The History of CNC Machining

Picture of Dean McClements
Written by
 7 min read
Published October 3, 2022
Updated March 22, 2025

Learn about the origins of this versatile manufacturing process.

CNC EDM wire cut machine. Image Credit: Shutterstock.com/Surasak_Photo

CNC (Computer Numerical Control) machining refers to manufacturing parts by removing material with a cutting tool under automated control rather than manual operation by a machinist. In CNC machining, either the cutting tool is held stationary while the workpiece moves, or the tool itself is rotated and moved into a stationary workpiece. CNC machining is often performed on metals but can also be employed with plastics and composites.

CNC machining has revolutionized manufacturing since its introduction in 1952 with the Cincinnati Milacron Hydrotel. Since then, advanced robotics systems have been incorporated into the machines to dramatically improve productivity and ultimately reduce the labor requirements for the manufacturer of components.
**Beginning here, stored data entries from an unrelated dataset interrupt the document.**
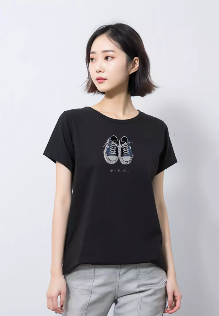 Third DayLTF66 kaos wanita lengan pendek slim fit gambar sepatu instacool ss "sneakers katakana" hitam350000.00109000.00
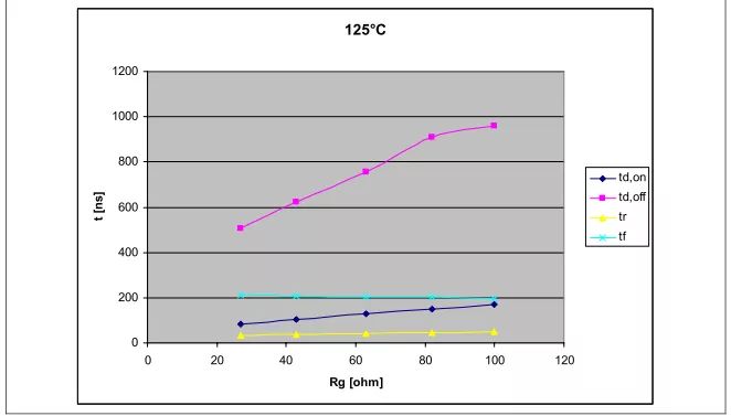 圖5 開關(guān)時間與Rg在125°C時的關(guān)系圖
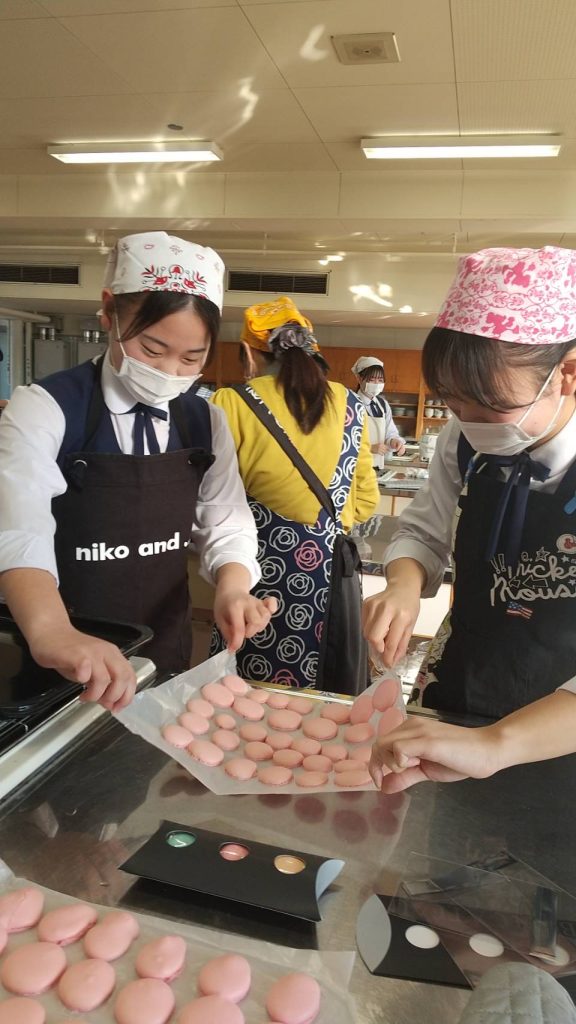 3/8に浜北西高校へ講師派遣をさせていただき、家庭科クラブの皆さんとマカロンを作りました!
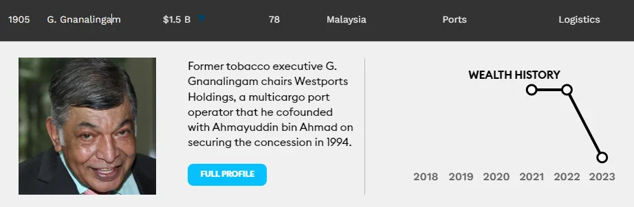 Tan Sri Datuk G Gnanalingam holds the rank with a net worth of USD1.5 billion. Pioneering in logistics industry, the executive chairman of Westports Holdings Bhd , G. Gnanalingam is also known as the country’s first homegrown marketing guru for steering his company to become Asia’s leading cargo and freight player. Co-founded with Ahmayuddin bin Ahmad on securing the concession in 1994, the group owns a 60-year concession to operate and expand its container terminals in Pulau Indah and Port Klang, which will end in 2054. Westports is one of three main port operators in the Strait of Malacca. His son, Ruben Emir Gnanalingam, is Westports’ group managing director. He is also known as the country’s first homegrown marketing guru for steering his company to become Asia’s leading cargo and freight player.
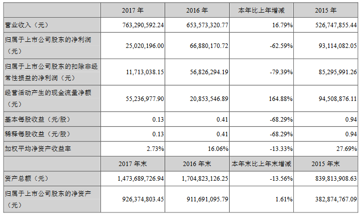 ? 珈偉股份2017年年度報告主要財務(wù)數(shù)據(jù)
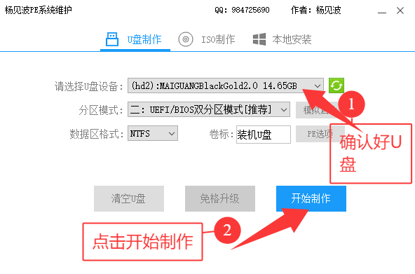 确认“选择U盘设备”是您刚刚插入的需要制作PE启动盘的U盘后点“开始制作”

This article will cover the history of CNC machining, how CNC machining works, and some of the more common use cases for this process.

What Is CNC Machining?

CNC machining refers to a type of subtractive manufacturing that is designed for manufacturing a part automatically by either advancing a spinning cutting tool mounted on a spindle into the work material (CNC mill) or by mounting the raw stock onto a spindle and rotating it against a stationary cutting tool (CNC lathe). The main function of a spindle in a CNC machine is to provide rotational motion to allow for the cutting of material.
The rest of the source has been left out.